WORK REQUEST> Please copy exactly the part of the records below that opens with the line containing "PATRIOTS POINT NAVAL & MARITIME MUSEUM" and closes with the line containing "To guaranteed seed", leaving out any pictures.

Records from a dataset>
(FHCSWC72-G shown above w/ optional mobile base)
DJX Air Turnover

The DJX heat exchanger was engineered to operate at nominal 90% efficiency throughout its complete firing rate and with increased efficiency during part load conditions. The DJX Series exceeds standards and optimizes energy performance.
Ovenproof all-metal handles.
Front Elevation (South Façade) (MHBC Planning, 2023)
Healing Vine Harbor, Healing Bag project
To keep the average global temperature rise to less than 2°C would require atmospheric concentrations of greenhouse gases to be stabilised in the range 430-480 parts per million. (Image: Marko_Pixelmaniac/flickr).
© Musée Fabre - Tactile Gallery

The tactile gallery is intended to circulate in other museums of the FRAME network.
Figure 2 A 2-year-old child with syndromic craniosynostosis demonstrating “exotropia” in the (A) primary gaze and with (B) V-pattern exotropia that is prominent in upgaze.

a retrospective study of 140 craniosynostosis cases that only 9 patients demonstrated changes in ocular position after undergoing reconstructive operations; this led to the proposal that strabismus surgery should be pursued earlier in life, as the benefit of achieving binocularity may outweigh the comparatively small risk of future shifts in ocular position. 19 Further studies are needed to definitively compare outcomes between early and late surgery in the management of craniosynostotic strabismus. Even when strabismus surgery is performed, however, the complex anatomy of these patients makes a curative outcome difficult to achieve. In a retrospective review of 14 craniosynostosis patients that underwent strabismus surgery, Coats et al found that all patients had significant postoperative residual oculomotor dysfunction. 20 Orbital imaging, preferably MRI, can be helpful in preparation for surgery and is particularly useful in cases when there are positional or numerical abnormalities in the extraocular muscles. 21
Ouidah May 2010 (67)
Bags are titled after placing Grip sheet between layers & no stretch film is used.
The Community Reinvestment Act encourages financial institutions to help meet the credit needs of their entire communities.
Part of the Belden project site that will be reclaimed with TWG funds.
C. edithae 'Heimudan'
...
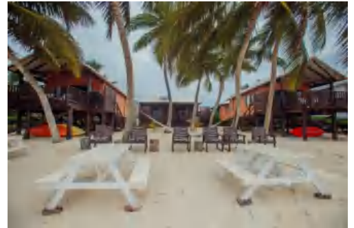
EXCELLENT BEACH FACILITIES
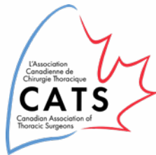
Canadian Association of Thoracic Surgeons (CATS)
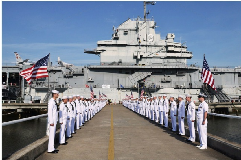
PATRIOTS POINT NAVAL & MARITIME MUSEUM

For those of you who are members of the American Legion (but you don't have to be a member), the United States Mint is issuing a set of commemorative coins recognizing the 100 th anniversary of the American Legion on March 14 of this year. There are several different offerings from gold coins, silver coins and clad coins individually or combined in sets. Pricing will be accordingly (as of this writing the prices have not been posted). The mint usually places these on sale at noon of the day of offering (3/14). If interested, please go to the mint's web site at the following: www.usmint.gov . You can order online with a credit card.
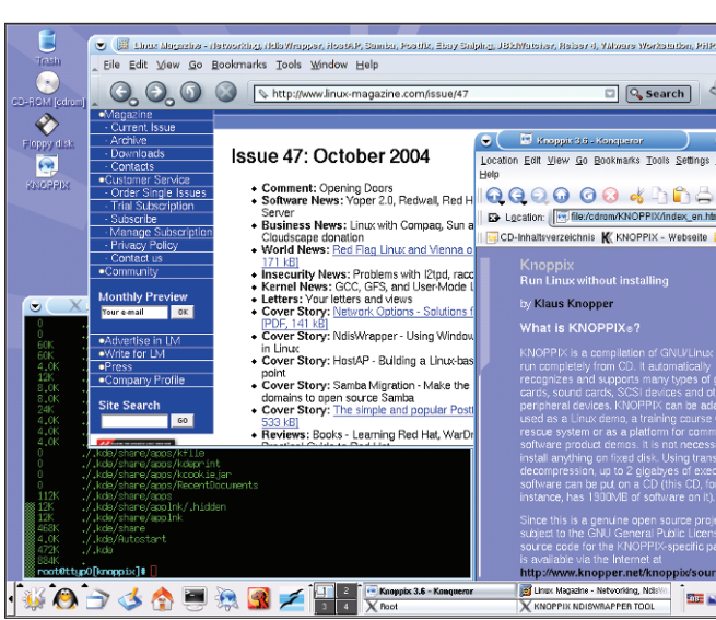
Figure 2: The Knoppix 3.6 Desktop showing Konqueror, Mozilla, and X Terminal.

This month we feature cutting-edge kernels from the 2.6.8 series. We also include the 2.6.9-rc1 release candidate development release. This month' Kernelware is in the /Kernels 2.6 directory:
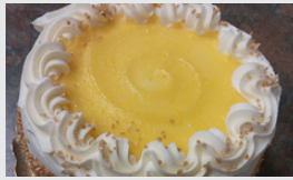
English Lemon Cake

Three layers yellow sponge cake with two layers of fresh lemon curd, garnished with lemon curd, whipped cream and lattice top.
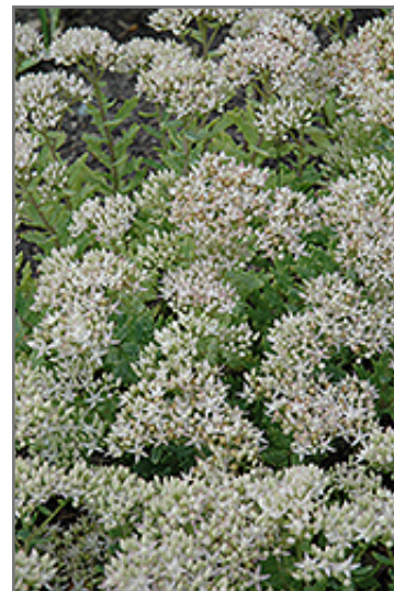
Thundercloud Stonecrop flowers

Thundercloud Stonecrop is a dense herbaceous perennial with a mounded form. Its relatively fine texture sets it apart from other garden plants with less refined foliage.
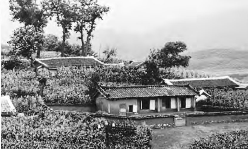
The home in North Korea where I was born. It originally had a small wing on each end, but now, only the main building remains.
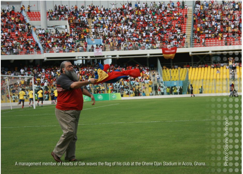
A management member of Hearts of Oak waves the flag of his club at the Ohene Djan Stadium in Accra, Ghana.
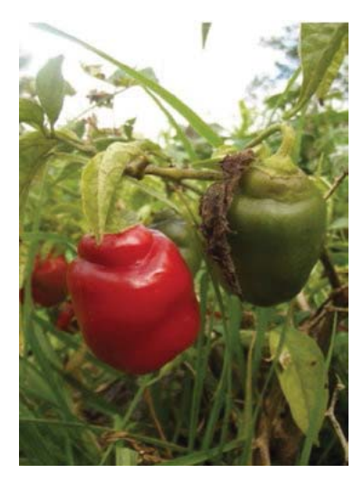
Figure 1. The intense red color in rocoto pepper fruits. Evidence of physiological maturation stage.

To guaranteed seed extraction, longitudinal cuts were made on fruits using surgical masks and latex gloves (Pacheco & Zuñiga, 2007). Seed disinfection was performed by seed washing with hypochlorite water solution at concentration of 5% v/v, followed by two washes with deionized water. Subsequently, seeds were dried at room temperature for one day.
* * *
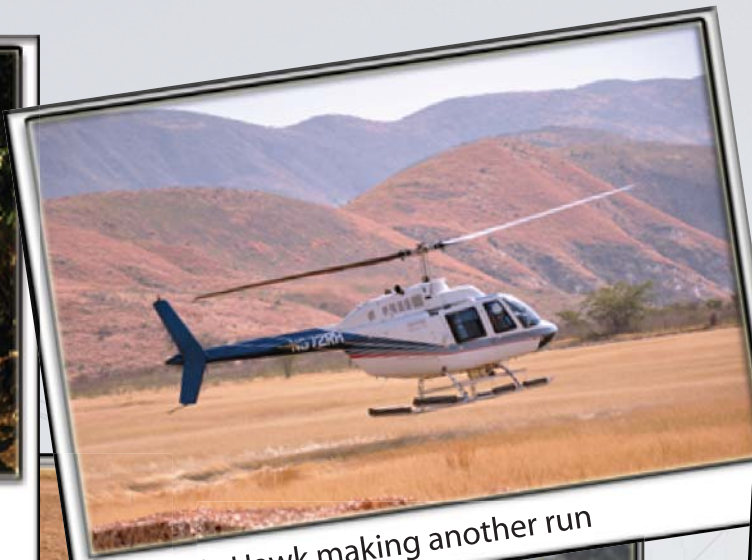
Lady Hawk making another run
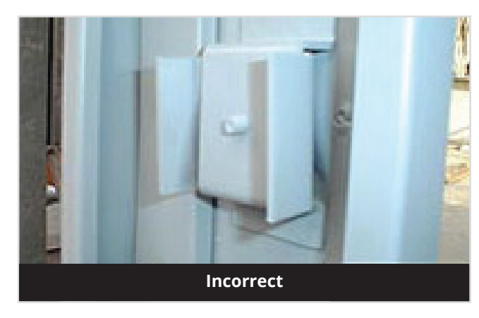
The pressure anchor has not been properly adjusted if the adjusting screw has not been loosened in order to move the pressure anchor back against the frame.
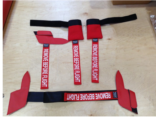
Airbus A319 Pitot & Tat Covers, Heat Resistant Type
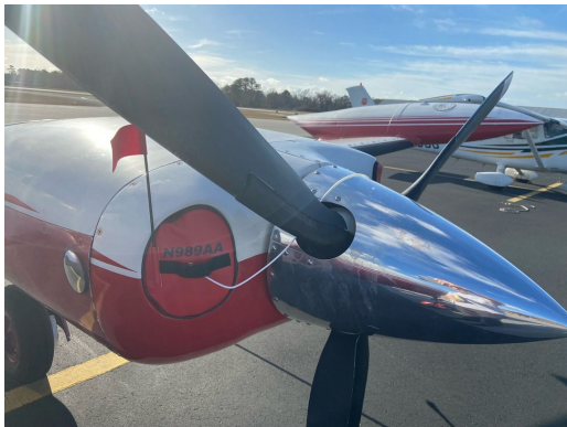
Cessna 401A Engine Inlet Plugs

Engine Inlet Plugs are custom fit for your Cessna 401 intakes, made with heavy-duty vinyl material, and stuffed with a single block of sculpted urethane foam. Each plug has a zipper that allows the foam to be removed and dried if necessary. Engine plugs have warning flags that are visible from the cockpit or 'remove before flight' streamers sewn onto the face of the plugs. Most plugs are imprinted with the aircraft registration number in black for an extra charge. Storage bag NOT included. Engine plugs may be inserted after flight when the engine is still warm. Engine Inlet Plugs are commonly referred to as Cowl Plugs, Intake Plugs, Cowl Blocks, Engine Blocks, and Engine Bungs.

RESULT OF THIS EXERCISE>
PATRIOTS POINT NAVAL & MARITIME MUSEUM

For those of you who are members of the American Legion (but you don't have to be a member), the United States Mint is issuing a set of commemorative coins recognizing the 100 th anniversary of the American Legion on March 14 of this year. There are several different offerings from gold coins, silver coins and clad coins individually or combined in sets. Pricing will be accordingly (as of this writing the prices have not been posted). The mint usually places these on sale at noon of the day of offering (3/14). If interested, please go to the mint's web site at the following: www.usmint.gov . You can order online with a credit card.
Figure 2: The Knoppix 3.6 Desktop showing Konqueror, Mozilla, and X Terminal.

This month we feature cutting-edge kernels from the 2.6.8 series. We also include the 2.6.9-rc1 release candidate development release. This month' Kernelware is in the /Kernels 2.6 directory:
English Lemon Cake

Three layers yellow sponge cake with two layers of fresh lemon curd, garnished with lemon curd, whipped cream and lattice top.
Thundercloud Stonecrop flowers

Thundercloud Stonecrop is a dense herbaceous perennial with a mounded form. Its relatively fine texture sets it apart from other garden plants with less refined foliage.
The home in North Korea where I was born. It originally had a small wing on each end, but now, only the main building remains.
A management member of Hearts of Oak waves the flag of his club at the Ohene Djan Stadium in Accra, Ghana.
Figure 1. The intense red color in rocoto pepper fruits. Evidence of physiological maturation stage.

To guaranteed seed extraction, longitudinal cuts were made on fruits using surgical masks and latex gloves (Pacheco & Zuñiga, 2007). Seed disinfection was performed by seed washing with hypochlorite water solution at concentration of 5% v/v, followed by two washes with deionized water. Subsequently, seeds were dried at room temperature for one day.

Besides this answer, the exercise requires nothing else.